The process of neural recovery can be divided into several stages. As other studies have shown, initially there is a passive tissue response in the first few hours and days following brain-tissue injury This passive response involves the reperfusion of ischemic tissue and cessation of inflammatory processes secondary to brain damage. This leads to a regression of dysfunction associated with a temporary “shock” to the neurons near (and away from) the lesion. Medical intervention that facilitates these processes can determine the extent to which recovery will proceed in the subsequent stages.

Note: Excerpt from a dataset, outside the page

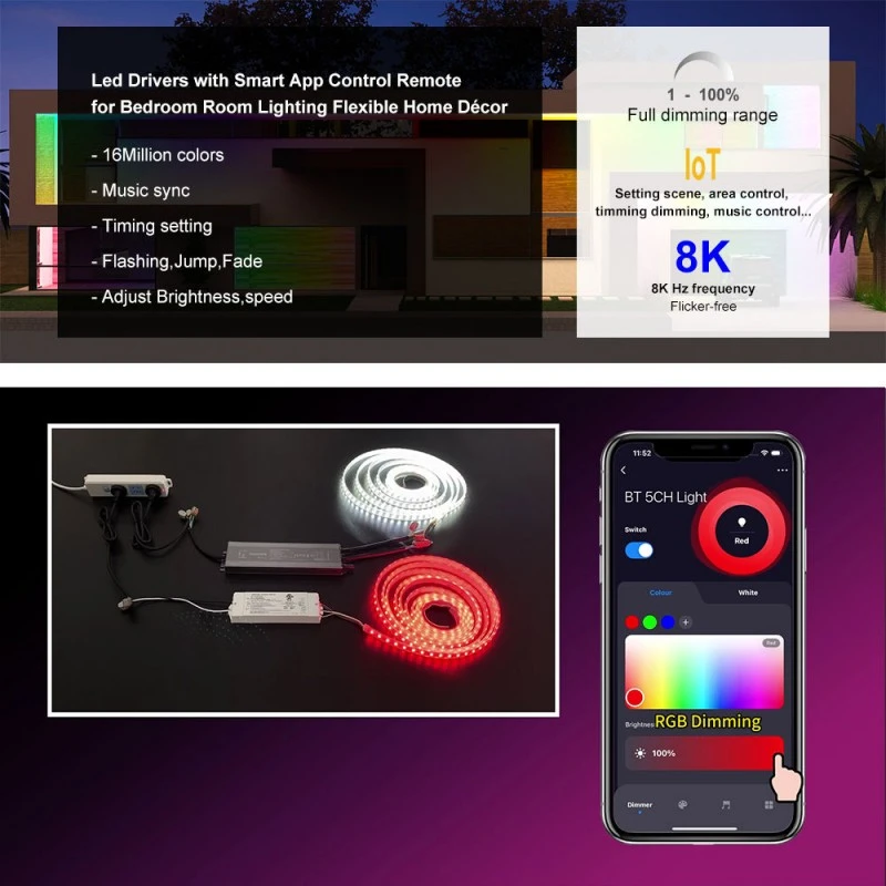 Làm mờ thông minh trong tầm tay bạn Với mô-đun không dây ZigBee tích hợp với công nghệ TUYA, trình điều khiển này cung cấp khả năng điều khiển thông minh liền mạch. Điều chỉnh độ sáng thông qua ứng dụng di động hoặc lệnh thoại thông qua Google Home và Amazon Echo. Đầu ra 8K Hz tần số cao đảm bảo độ mờ hoàn toàn không bị nhấp nháy, trong khi phạm vi độ mờ 1-100% với độ sâu 1% cho phép chuyển tiếp mượt mà và tạo ra bầu không khí hoàn hảo.

In the days and weeks following a stroke the brain begins active processes of recovery involving adaptive plasticity. In the early stages this may include within-system pathways if any have survived undamaged. Such pathways may normally play a mere supporting role in the undamaged brain. For instance, the within-system pathways may only be engaged by normal adults when they are first learning the task. These same pathways come to play central roles when needed in adaptive plasticity. Since there is already a general familiarity with the task, the within-system pathway must only relearn how to perform it. This may explain why recovery is often seen within a few weeks following a stroke.

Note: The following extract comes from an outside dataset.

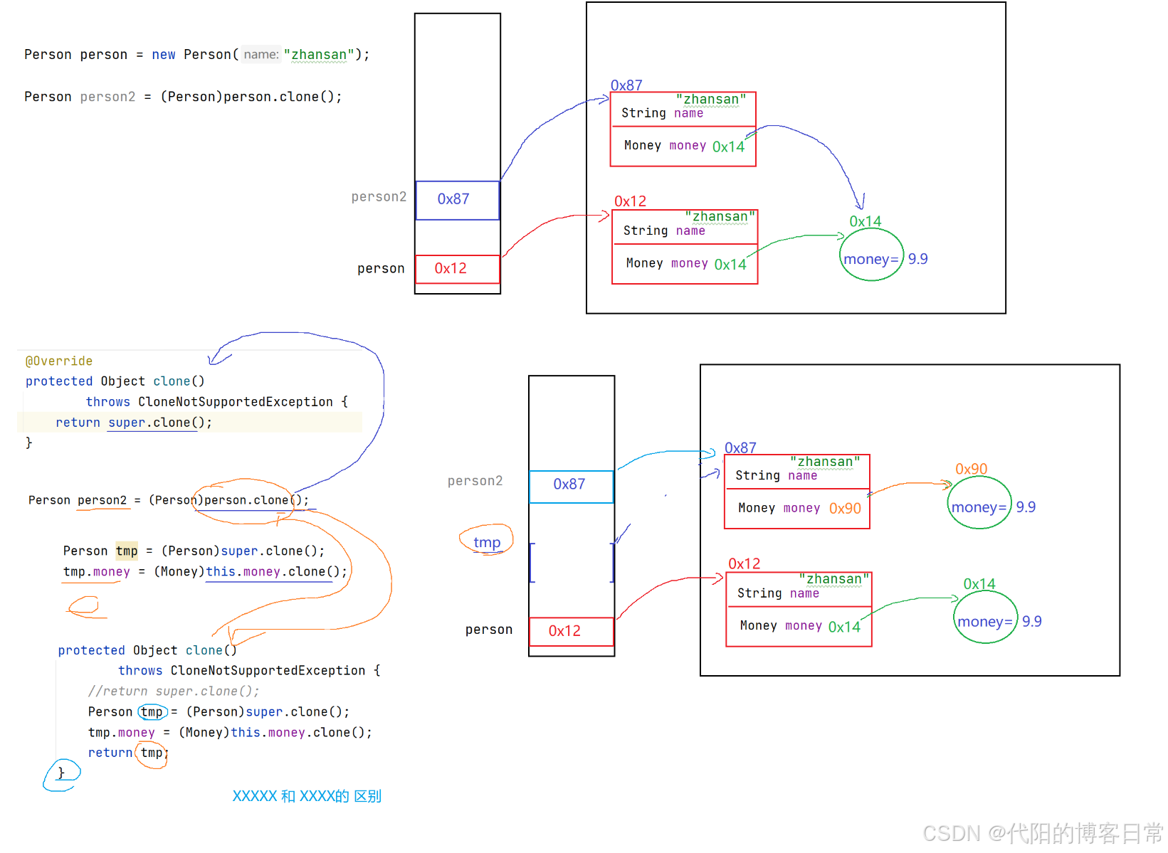 如上代码,我们可以看到,通过clone,我们只是拷贝了Person对象。但是Person对象中的Money对象,并 没有拷贝。通过person2这个引用修改了m的值后,person1这个引用访问m的时候,值也发生了改变。这里 就是发生了浅拷贝。那么同学们想一下如何实现深拷贝呢?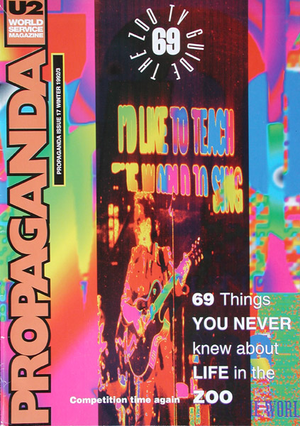 | 1 | 17 | 1992 | Sixty Nine Things You May Not Have Known About Life in the Zoo. Propaganda Mailbag_A bumber crop of your letters, pictures and assorted feats. Gavin Friday_ The former Prune drops in for a chat with Propaganda. Set Them Free_ Two more people worth writing some lines for. A Fan´s World_ A Look Through some of the burgeoning ranks of Propaganda´s unofficial friendly competitors. Great cartoons. More readers pics. Fanzine Directory_ Who´s publishing what fanzine, where. Grapevine_ You heard it on here first. Competitio Time_ your chance to win the latest U2 video release. Shee Music_ Play it yourself Sam.[40pg] |

If, however, there is complete damage to a neural system, then the brain may still have the capacity to recruit an alternative system, one not generally activated for the task by normal subjects. In such instances the alternative system is naive to the task so that the patient must relearn not only how to do the task but also what to do in the first place. This takes more time, and may explain why alternative-system pathways have not been heretofore evident in the functional imaging studies.
Conclusion
The existence of distinct stages in the recovery process has only become evident through the use of functional imaging techniques. As the technology develops we have little doubt that we will come to appreciate progressively finer aspects of adaptive plasticity and its role in a patient’s recovery from brain lesions such as stroke.